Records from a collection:
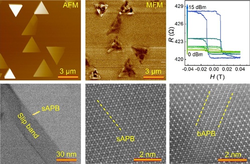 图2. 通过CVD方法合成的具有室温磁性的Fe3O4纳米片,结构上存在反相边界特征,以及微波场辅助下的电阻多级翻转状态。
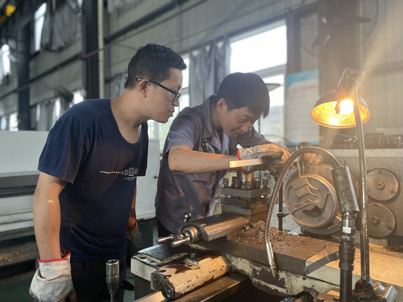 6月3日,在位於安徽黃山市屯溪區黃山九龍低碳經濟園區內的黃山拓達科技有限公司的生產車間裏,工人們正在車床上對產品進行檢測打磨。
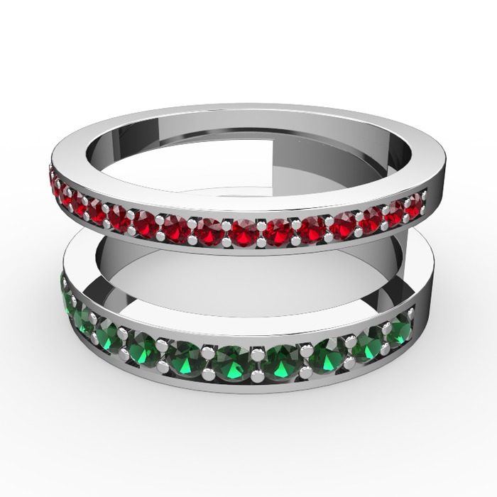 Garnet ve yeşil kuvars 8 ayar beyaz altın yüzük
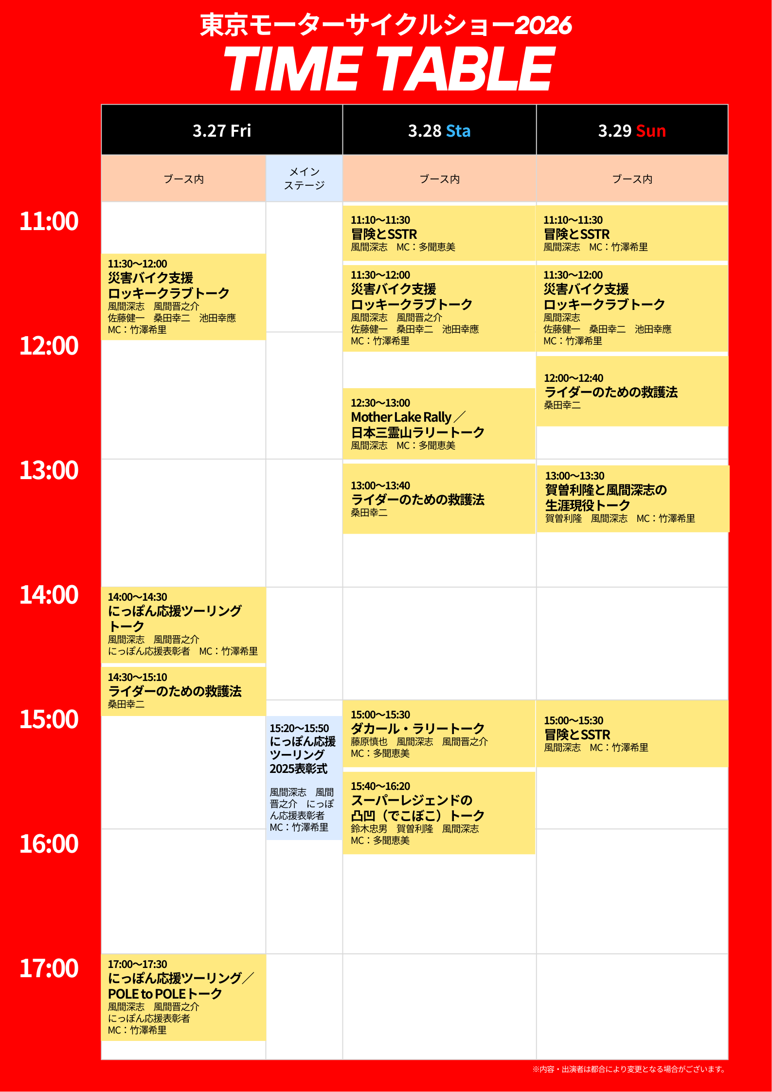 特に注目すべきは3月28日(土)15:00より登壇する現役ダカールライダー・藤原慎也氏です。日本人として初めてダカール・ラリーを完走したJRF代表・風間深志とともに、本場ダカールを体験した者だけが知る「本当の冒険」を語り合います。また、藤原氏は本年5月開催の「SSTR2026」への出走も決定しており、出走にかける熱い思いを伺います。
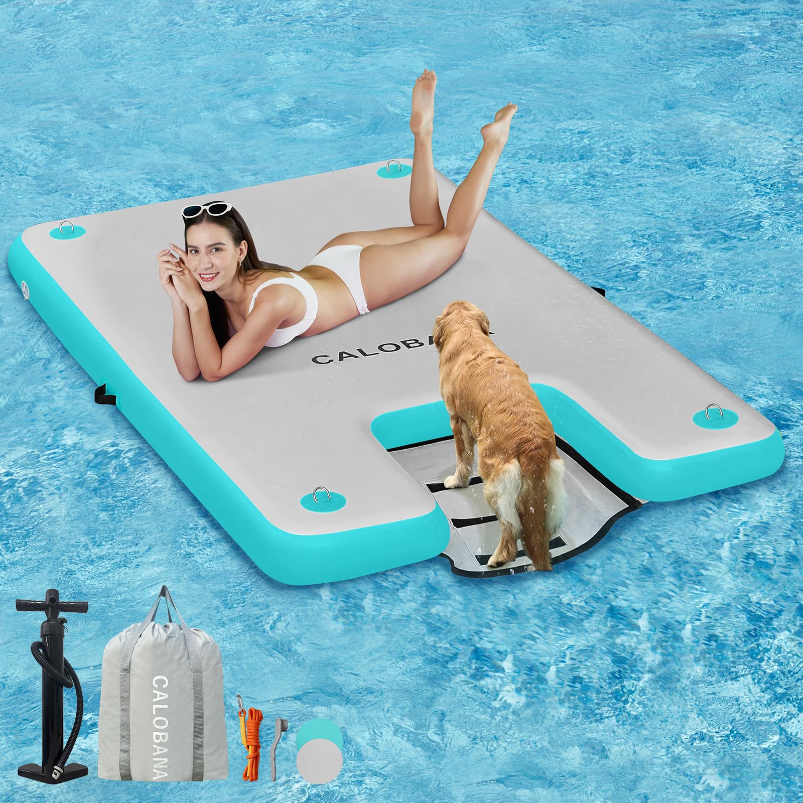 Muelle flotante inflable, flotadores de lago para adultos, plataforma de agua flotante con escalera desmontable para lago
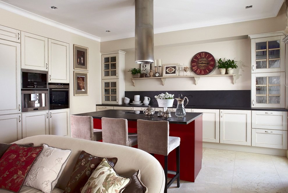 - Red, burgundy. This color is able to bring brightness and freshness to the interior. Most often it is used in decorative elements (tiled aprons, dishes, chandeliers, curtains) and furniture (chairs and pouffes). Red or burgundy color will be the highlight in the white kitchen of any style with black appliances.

● PROBLEM
An exact transcription of the records above is needed, with no pictures included.

● EXPECTED ANSWER
 图2. 通过CVD方法合成的具有室温磁性的Fe3O4纳米片,结构上存在反相边界特征,以及微波场辅助下的电阻多级翻转状态。
 6月3日,在位於安徽黃山市屯溪區黃山九龍低碳經濟園區內的黃山拓達科技有限公司的生產車間裏,工人們正在車床上對產品進行檢測打磨。
 Garnet ve yeşil kuvars 8 ayar beyaz altın yüzük
 特に注目すべきは3月28日(土)15:00より登壇する現役ダカールライダー・藤原慎也氏です。日本人として初めてダカール・ラリーを完走したJRF代表・風間深志とともに、本場ダカールを体験した者だけが知る「本当の冒険」を語り合います。また、藤原氏は本年5月開催の「SSTR2026」への出走も決定しており、出走にかける熱い思いを伺います。
 Muelle flotante inflable, flotadores de lago para adultos, plataforma de agua flotante con escalera desmontable para lago
 - Red, burgundy. This color is able to bring brightness and freshness to the interior. Most often it is used in decorative elements (tiled aprons, dishes, chandeliers, curtains) and furniture (chairs and pouffes). Red or burgundy color will be the highlight in the white kitchen of any style with black appliances.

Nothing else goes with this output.